Theistic Assumptions That Atheists Make


I stumbled across an article today that challenges Christians to answer 10 questions logically and rationally.  The author supposes that these questions pose contradictions that are unanswerable from a Christian or theistic worldview.  He asserts that these questions can only be answered logically if we assume that God is imaginary. 
I found it striking that even in his posing these 10 questions, the author borrowed the presuppositions of a theistic worldview.  That is, his questions assume truths that can only exist if there is a God, who serves as the ultimate standard of good.
Here are his 10 questions:
1)    Why won't God heal amputees?
2)    Why are there so many starving people in our world?
3)    Why does God demand the death of so many innocent people in the Bible?
4)    Why does the Bible contain so much anti-scientific nonsense?
5)    Why is God such a huge proponent of slavery in the Bible?
6)    Why do bad things happen to good people?
7)    Why didn't any of Jesus' miracles in the Bible leave behind any evidence?
8)    How do we explain the fact that Jesus has never appeared to you?
9)    Why would Jesus want you to eat his body and drink his blood?
10) Why do Christians get divorced at the same rate as non-Christians?

Our temptation may be to immediately launch into an apologetic answer to each question.  I believe that a better approach would be to challenge the presuppositions behind the questions, presuppositions which are foreign to the worldview of the author.  With each question, the author assumes things that can only exist if God exists.
The first thing that a number of these questions assume is that there is an objective standard of morality.  The author appeals to the concept of innocence in numerous questions.  In his comments on question #2, he writes, “Why would God be worried about you getting a raise, while at the same time ignoring the prayers of these desperate, innocent little children?”  Question 3 is similar.  Perhaps the author has not considered that the concept of innocence depends upon an objective standard of morality, which has no place in an atheistic world.  How can someone or something be innocent if there is no transcendent law?  There must be absolute right and wrong in order to declare someone innocent or guilty.  The atheist has no objective source for right and wrong.
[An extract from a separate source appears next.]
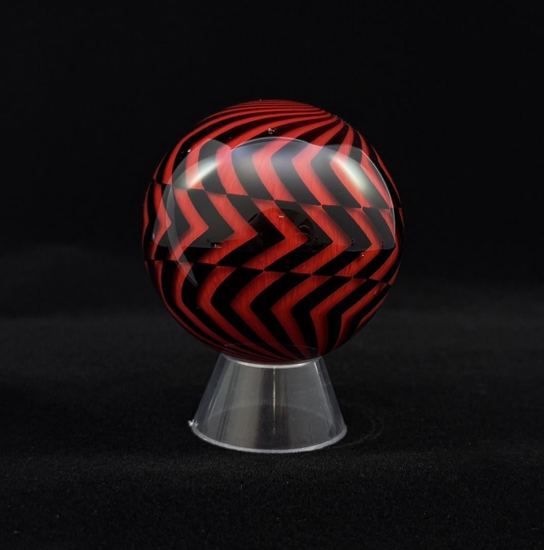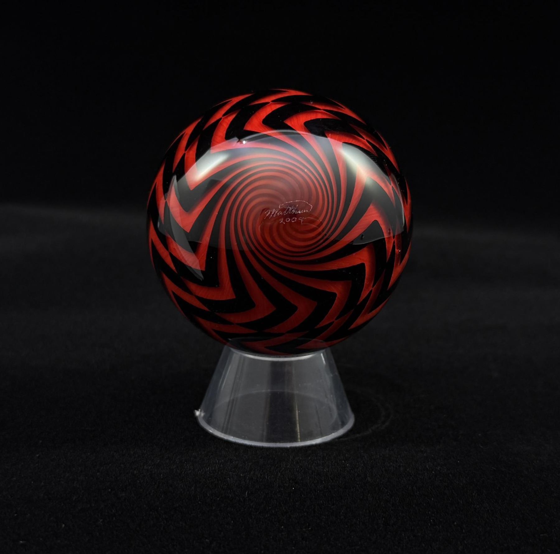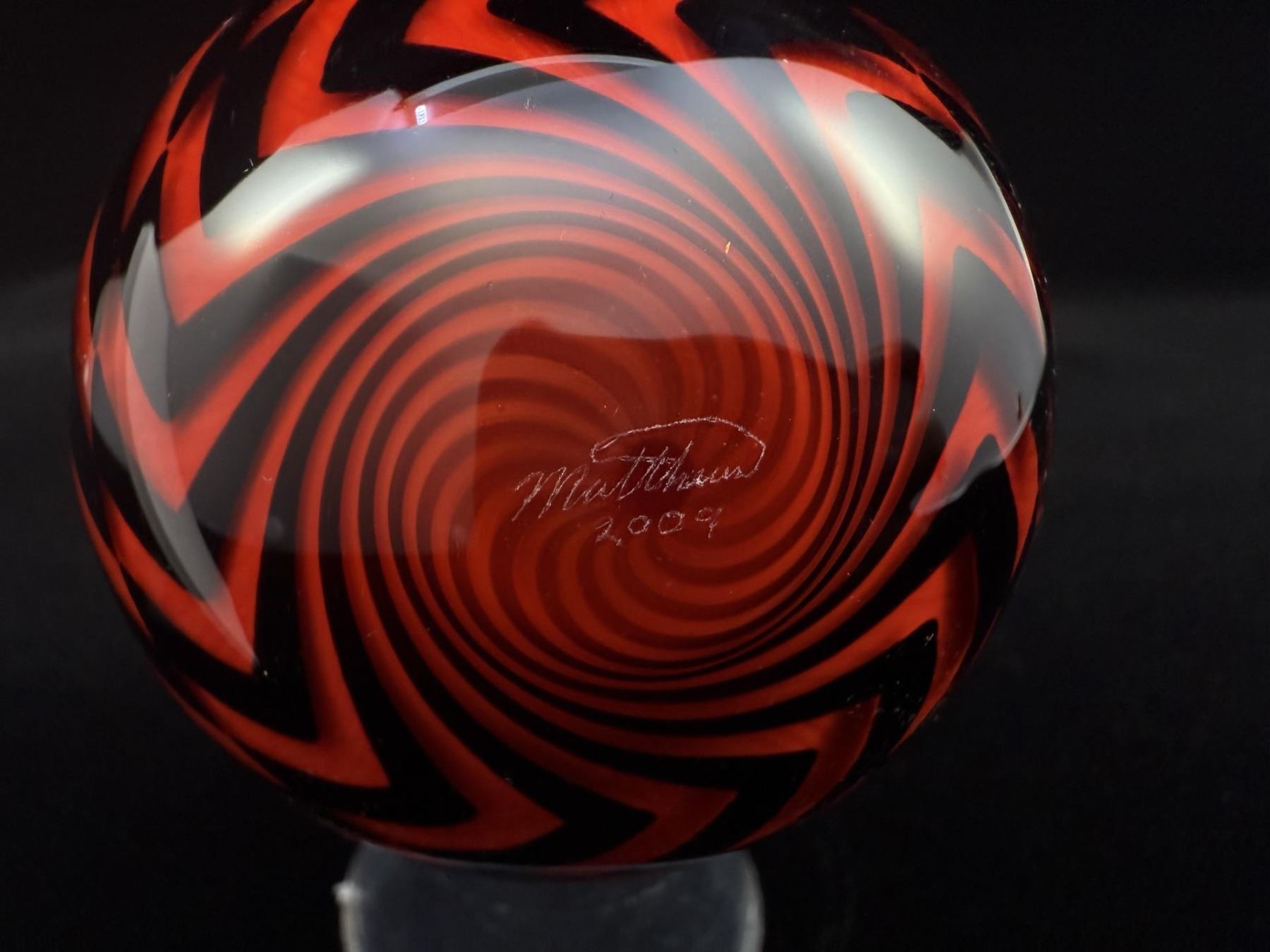 2 1/2" diameter. Signed and dated Matthews 2009. Hazard Pattern. A few small bruises as shown. Mark Matthews is notably recognized for his work in glass, especially in glass spheres. Working with only one assistant, each piece is meticulously worked and signed by the artist. Highly collected and valued, Matthews work has been published in many books and is held in museums such as the Victoria & Albert Museum in London, England, the Corning Museum of Glass in New York, the Toledo Museum of Art in Ohio and the National Museum of American Art, Smithsonian Institution, Washington, D.C.

Some atheists have argued that morality is a function of convention.  That is, morality consists of generally accepted principles that people have agreed upon over time.  For the sake of argument, let’s assume that is correct.  If that is the case, then what is right and wrong for one society might not be the same as right and wrong in another society.  And if that is the case, one society cannot impose its version of right and wrong upon another.  Morality is relative to a specific community.  This does not help the atheists argument against the biblical community.  This is because in the biblical community, there is no such thing as an innocent person (Rom 3:10-18), that is, this is an agreed upon principle of morality.  Therefore the author of the article, who is outside the biblical community, has no business imposing his sense of morality upon the biblical community.
This relativistic concept of morality would seem to completely absolve Nazi Germany of all their many atrocities.  After all, the mistreatment, ostracism, imprisonment, and murder of countless Jews were based upon generally agreed upon principles regarding the relative worth of Arians versus non-Arians.  Who are any of us to question moral principles that the Germans agreed upon among themselves?  And yet, modern atheists frequently use Nazi Germany as an example of pure evil inconsistent with the existence of a loving God.  They universally deplore the actions of the Germans, contrary to their own worldview.
Atheists may claim that morality is relative, but they cannot live that way.  There is inside of them an awareness of absolute right and wrong, which is why they naturally condemn those who violate that standard.  By posing questions that appeal to morality, the author of the article undermines his own worldview and assumes tenets of the worldview he seeks to disprove.  To the atheist, the material world is all that exists, and the material world cannot account for morality.  Only in a theistic world does absolute morality make any sense.
Next time we’ll discover other things assumed by the author that cannot exist in an atheistic world.  Until then consider that when unbelievers try to appeal to morality to dispute a theistic worldview, we should not allow them to borrow truths that only make sense in a theistic world.